The task → Leaving out pictures, output exactly the lines below from the one that has "3D未来城市芯片科技背景" through the one that has "Cyfrowy mini aparat", and nothing else.

Material for this task →
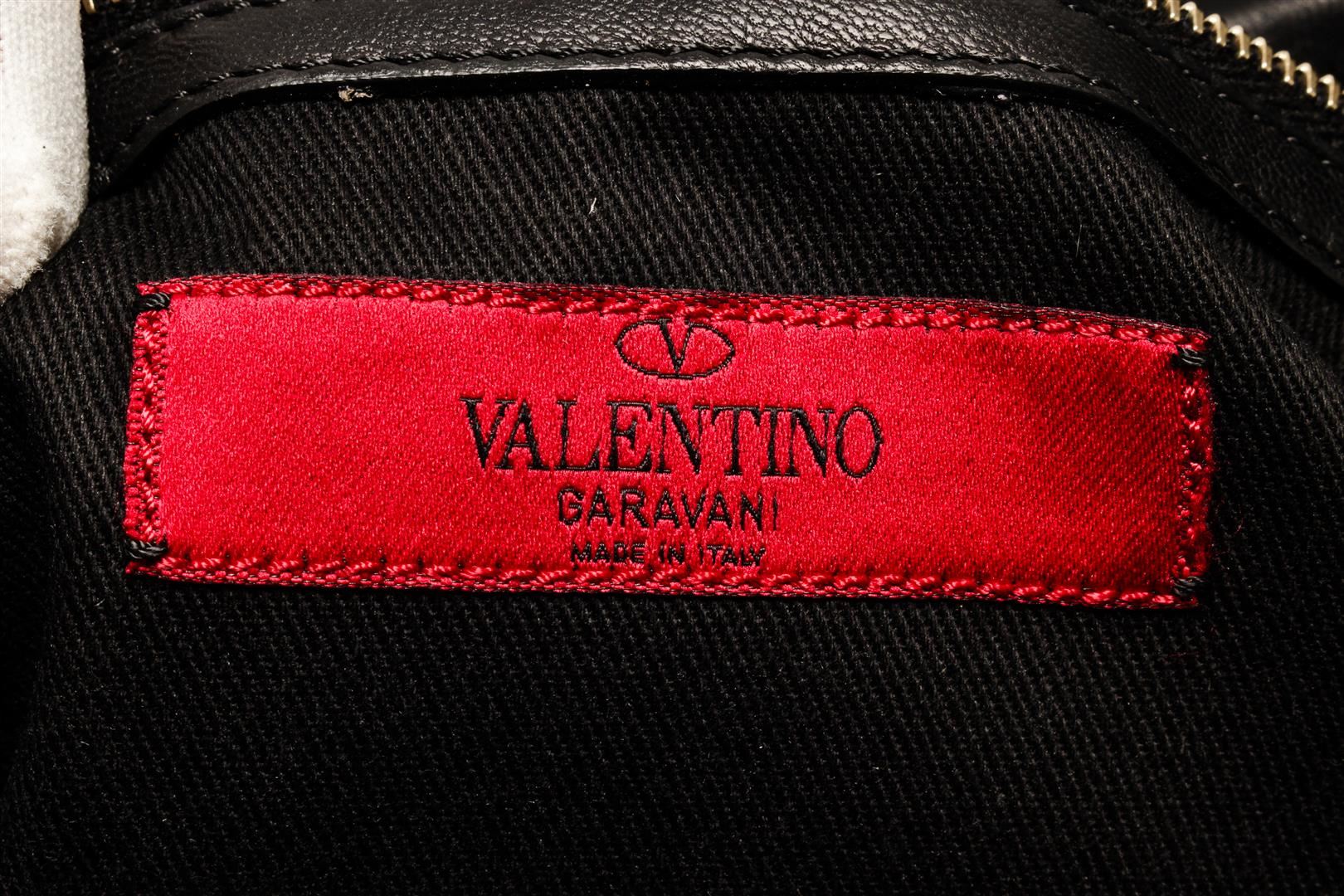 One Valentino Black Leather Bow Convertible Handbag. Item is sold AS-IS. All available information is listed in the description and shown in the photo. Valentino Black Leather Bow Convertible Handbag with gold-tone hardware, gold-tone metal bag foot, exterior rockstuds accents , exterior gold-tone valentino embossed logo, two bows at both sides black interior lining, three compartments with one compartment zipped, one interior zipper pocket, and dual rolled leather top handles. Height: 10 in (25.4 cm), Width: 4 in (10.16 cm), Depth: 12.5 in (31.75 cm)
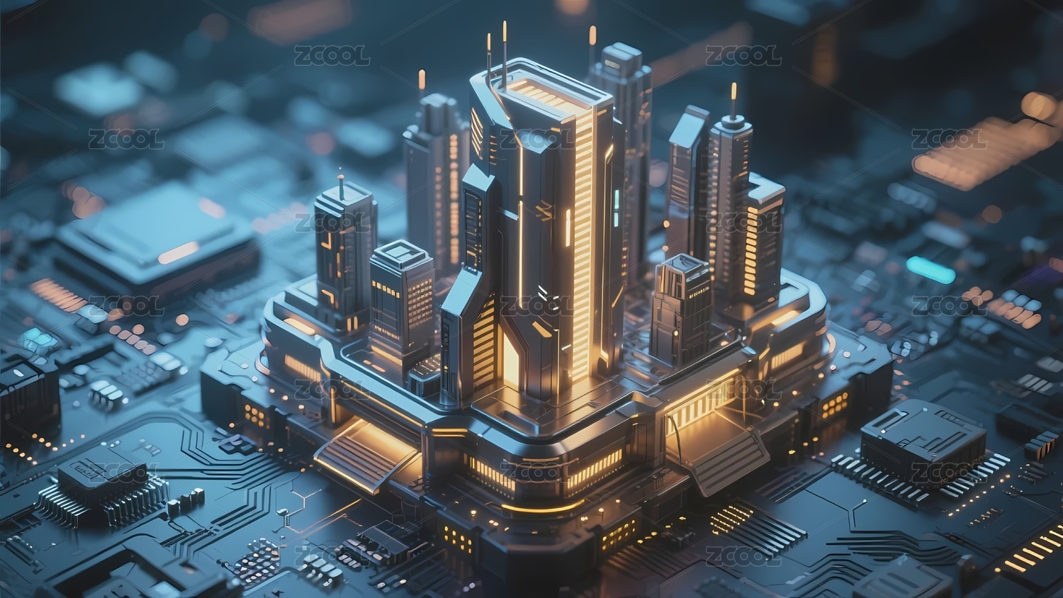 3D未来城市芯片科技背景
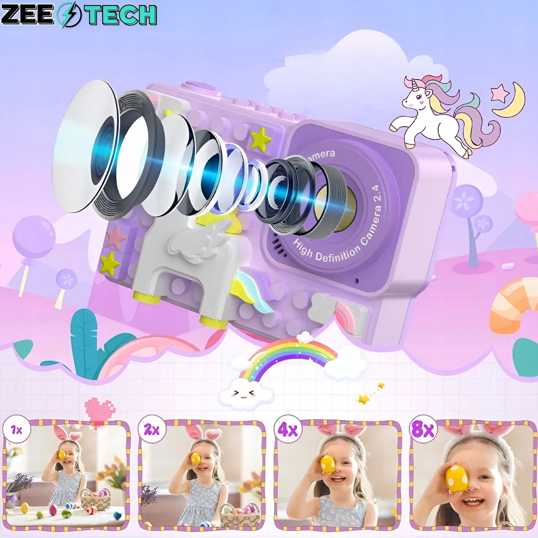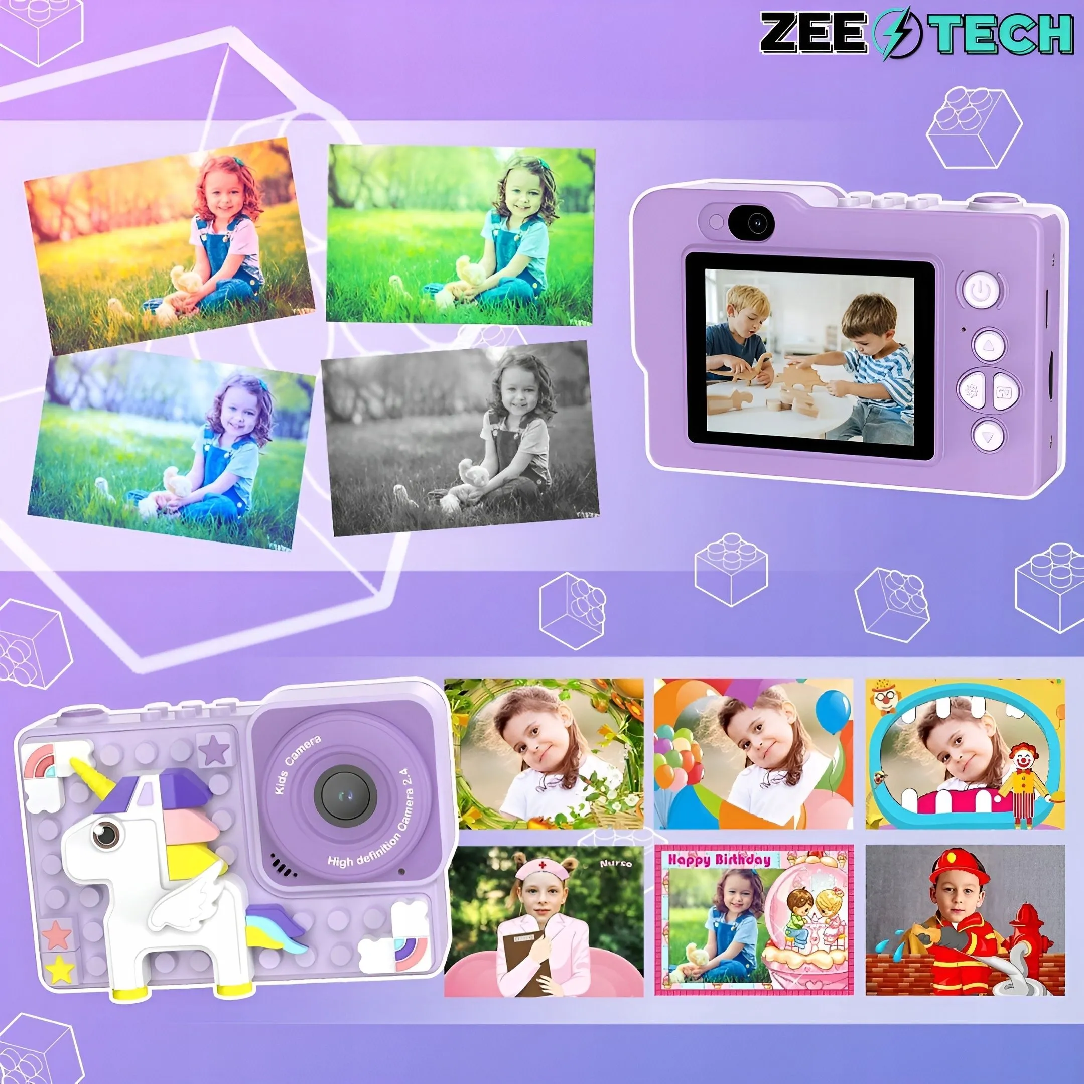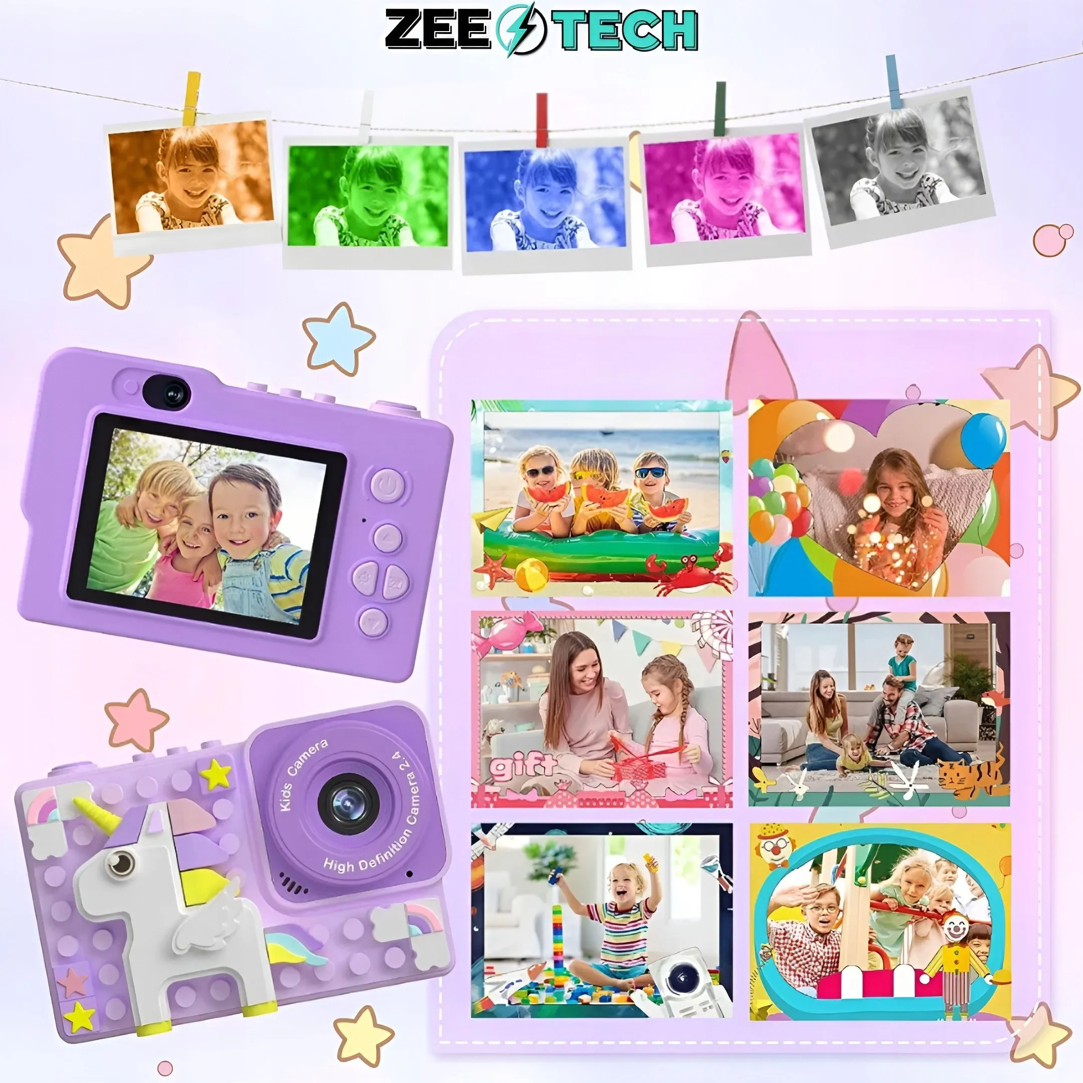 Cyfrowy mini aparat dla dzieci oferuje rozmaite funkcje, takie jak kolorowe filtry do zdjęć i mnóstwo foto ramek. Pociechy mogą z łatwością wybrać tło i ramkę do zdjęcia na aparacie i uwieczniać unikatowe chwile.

--

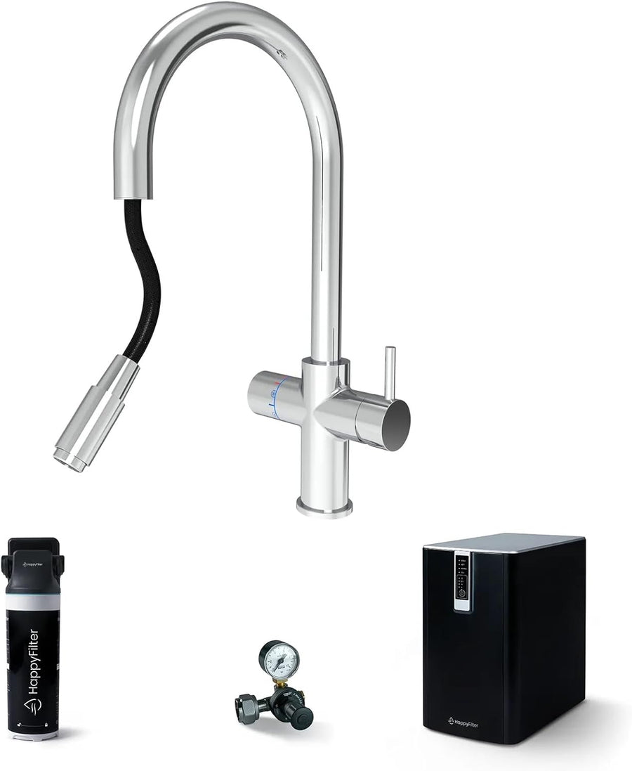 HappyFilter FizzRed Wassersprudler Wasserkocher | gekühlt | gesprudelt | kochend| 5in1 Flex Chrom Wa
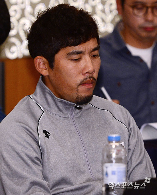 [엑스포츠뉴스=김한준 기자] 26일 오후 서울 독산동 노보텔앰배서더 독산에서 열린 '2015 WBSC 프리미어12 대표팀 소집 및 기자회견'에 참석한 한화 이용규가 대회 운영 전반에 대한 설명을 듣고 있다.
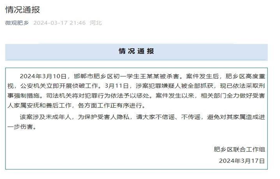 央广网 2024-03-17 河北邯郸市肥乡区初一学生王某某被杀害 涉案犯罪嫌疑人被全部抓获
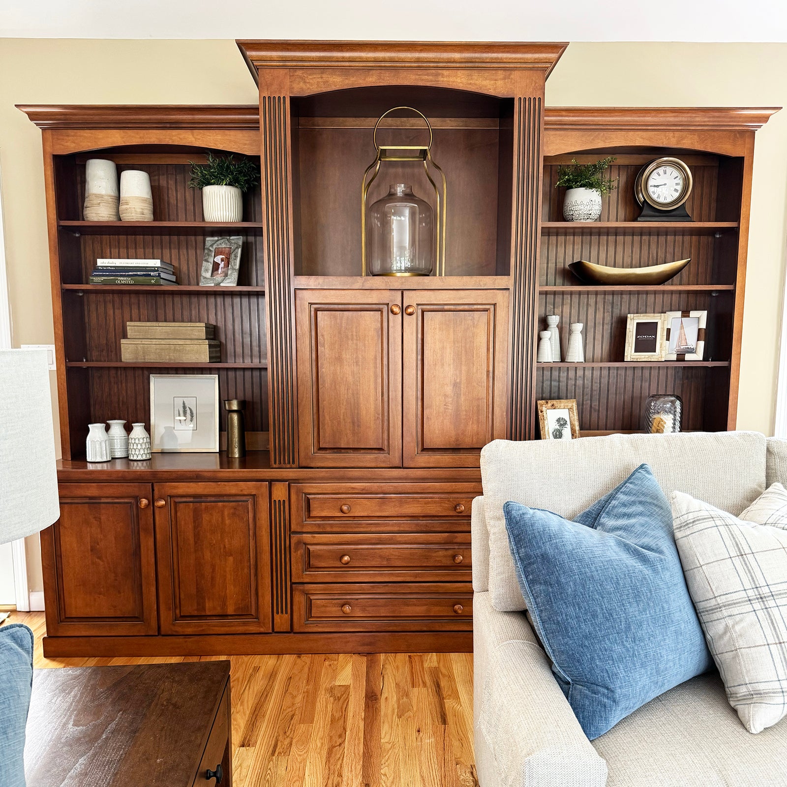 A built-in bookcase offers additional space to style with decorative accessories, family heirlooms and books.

--

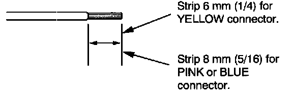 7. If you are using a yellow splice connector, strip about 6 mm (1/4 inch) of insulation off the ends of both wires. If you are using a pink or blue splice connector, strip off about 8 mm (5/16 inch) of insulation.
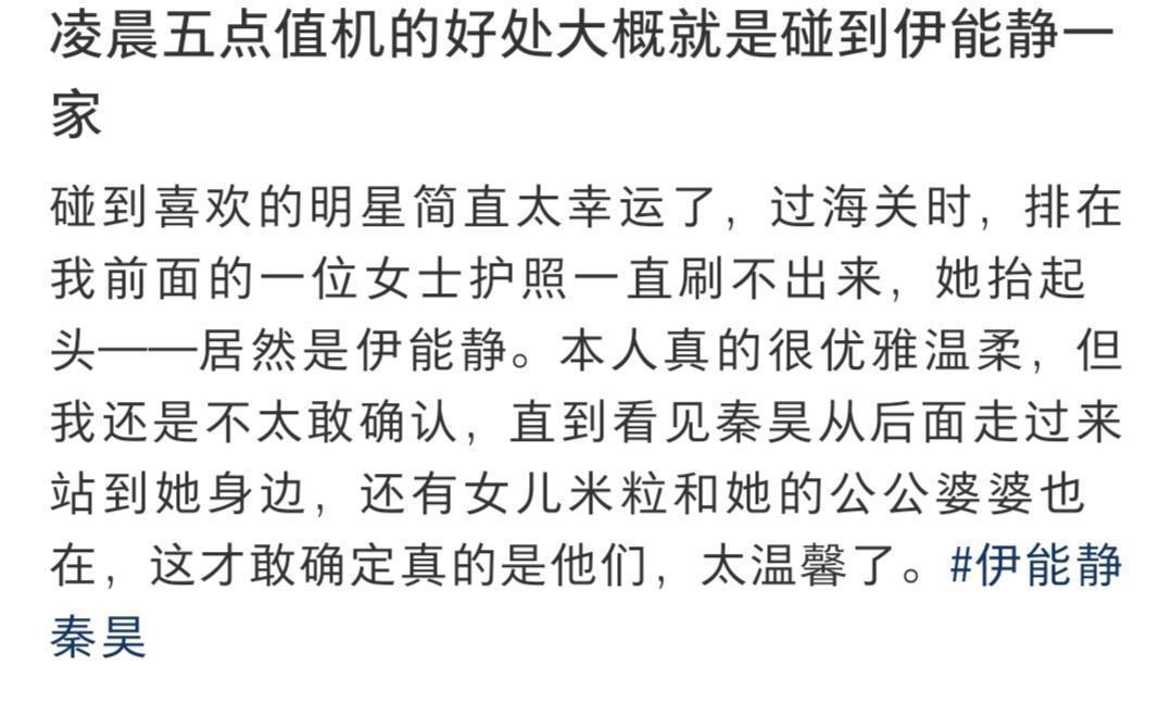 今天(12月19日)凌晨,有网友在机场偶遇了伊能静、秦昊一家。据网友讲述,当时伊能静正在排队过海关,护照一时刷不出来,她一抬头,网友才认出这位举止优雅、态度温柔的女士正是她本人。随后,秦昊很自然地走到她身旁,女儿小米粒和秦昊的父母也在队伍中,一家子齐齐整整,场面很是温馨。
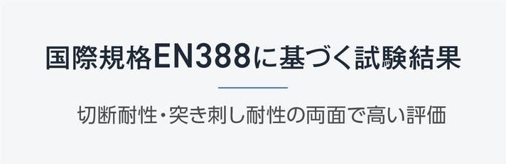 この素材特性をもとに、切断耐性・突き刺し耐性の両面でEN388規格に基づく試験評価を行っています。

Exercise result →
 3D未来城市芯片科技背景
 Cyfrowy mini aparat dla dzieci oferuje rozmaite funkcje, takie jak kolorowe filtry do zdjęć i mnóstwo foto ramek. Pociechy mogą z łatwością wybrać tło i ramkę do zdjęcia na aparacie i uwieczniać unikatowe chwile.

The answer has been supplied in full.